In the entries below, find the line containing "В тарелку положить" and the line containing "全市进出口累计完成6501.". Copy those two lines and everything between them exactly, without the pictures.

• _Exercise material_:
━━━━━━━━━━

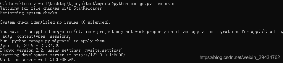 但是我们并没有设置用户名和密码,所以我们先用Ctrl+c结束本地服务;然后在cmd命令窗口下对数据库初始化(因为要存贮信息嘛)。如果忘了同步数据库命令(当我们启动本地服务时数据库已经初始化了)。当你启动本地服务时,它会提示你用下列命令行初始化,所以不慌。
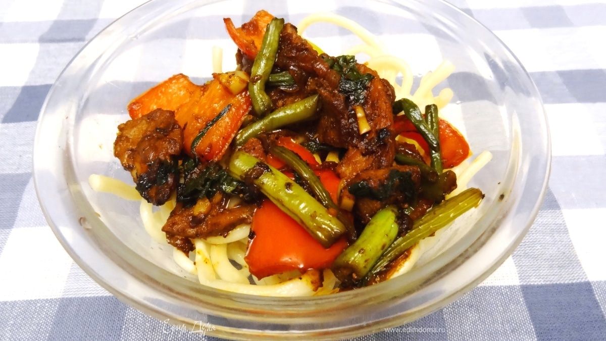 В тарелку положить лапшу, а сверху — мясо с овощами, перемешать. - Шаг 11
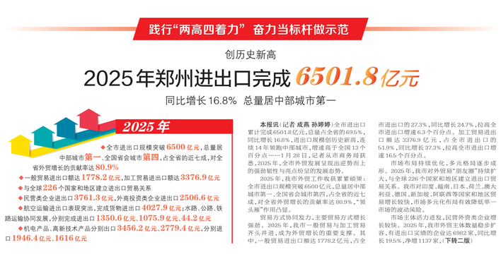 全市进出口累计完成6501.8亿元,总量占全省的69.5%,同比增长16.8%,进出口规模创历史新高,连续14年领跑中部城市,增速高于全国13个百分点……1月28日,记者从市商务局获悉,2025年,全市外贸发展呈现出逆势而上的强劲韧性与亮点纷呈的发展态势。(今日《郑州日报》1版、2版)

━━━━━━━━━━

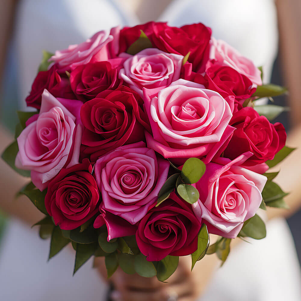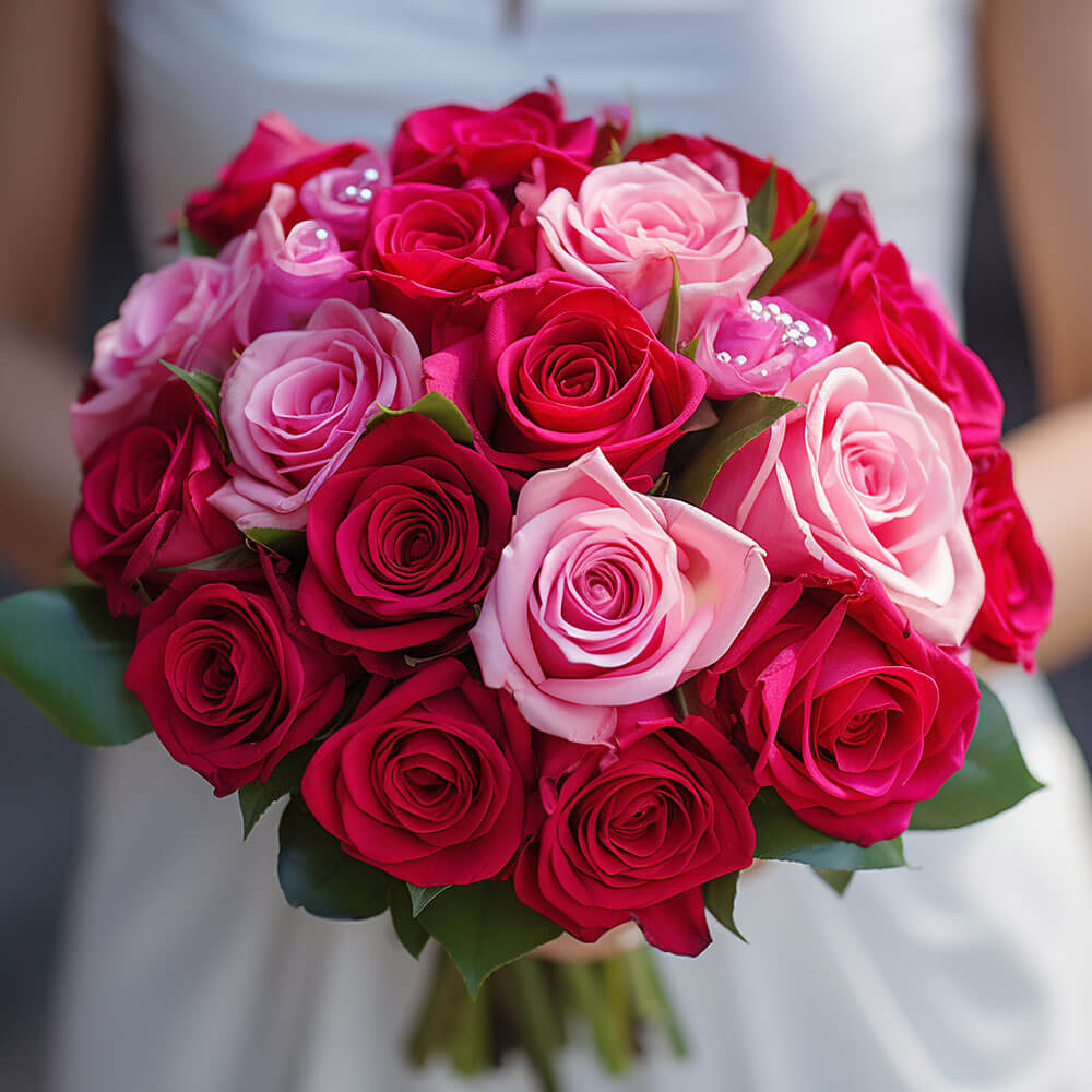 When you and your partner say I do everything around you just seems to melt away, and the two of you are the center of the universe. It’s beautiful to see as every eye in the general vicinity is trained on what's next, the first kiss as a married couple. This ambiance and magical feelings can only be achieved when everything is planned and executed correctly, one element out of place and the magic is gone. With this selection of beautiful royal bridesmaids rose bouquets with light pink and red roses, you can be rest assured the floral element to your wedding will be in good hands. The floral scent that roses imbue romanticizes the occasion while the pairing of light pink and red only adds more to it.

━━━━━━━━━━

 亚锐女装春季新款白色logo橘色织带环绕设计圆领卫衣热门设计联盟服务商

━━━━━━━━━━

• _Finished exercise_:
 В тарелку положить лапшу, а сверху — мясо с овощами, перемешать. - Шаг 11
 全市进出口累计完成6501.8亿元,总量占全省的69.5%,同比增长16.8%,进出口规模创历史新高,连续14年领跑中部城市,增速高于全国13个百分点……1月28日,记者从市商务局获悉,2025年,全市外贸发展呈现出逆势而上的强劲韧性与亮点纷呈的发展态势。(今日《郑州日报》1版、2版)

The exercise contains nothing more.